◆ **What to do**: The reply needs the lines from the one containing "库里在游戏里面的定位虽然是P" through the end of the material, each repeated exactly, and no pictures.

◆ **Data section**:
● ● ● ● ● ● ●

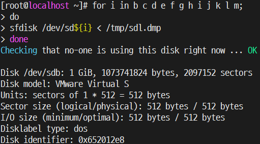 sfdisk /dev/sd${i} < /tmp/sdl.dmp
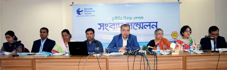 To reveal the report findings and recommendations, a Press Conference was organized by Transparency International Bangladesh (TIB) at Dhaka office on 17 May 2018. TIB Chairperson Advocate Sultana Kamal, Executive Director Dr. Iftekharuzzaman, Adviser Executive Management Professor Dr. Sumaiya Khair, Director-Research & Policy Mohammad Rafiqul Hassan were present at the press conference. TIB Deputy Programme Managers Nihar Ranjan Roy and Morsheda Aktar with Assistant Program Manager Amit Sarker of Research & Policy division presented the summary of the report accompanied by Program Manager Juliet Rossete.
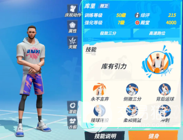 库里在游戏里面的定位虽然是PG,但它的三分球属性放眼整个游戏都是最高的,各种极限投篮和超远距离投篮都很在行,在被动技能的状态下还能累积三分球的成功率,但是缺点就是获得难度过高以及后期培养难度大,但如果说能够将其培养至顶级的话,那么在外线方面库里的投射能力特别夸张,也包括突破禁区的抛投和两分球。
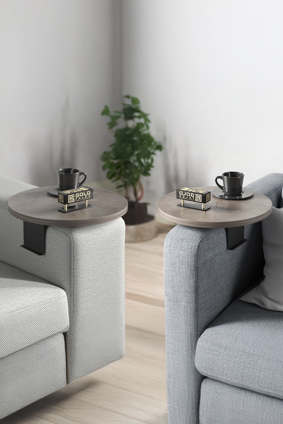 Dekoratif İkili (2 Adet) Yan Sehpa Yuvarlak

● ● ● ● ● ● ●

◆ **Result of the task**:
 库里在游戏里面的定位虽然是PG,但它的三分球属性放眼整个游戏都是最高的,各种极限投篮和超远距离投篮都很在行,在被动技能的状态下还能累积三分球的成功率,但是缺点就是获得难度过高以及后期培养难度大,但如果说能够将其培养至顶级的话,那么在外线方面库里的投射能力特别夸张,也包括突破禁区的抛投和两分球。
 Dekoratif İkili (2 Adet) Yan Sehpa Yuvarlak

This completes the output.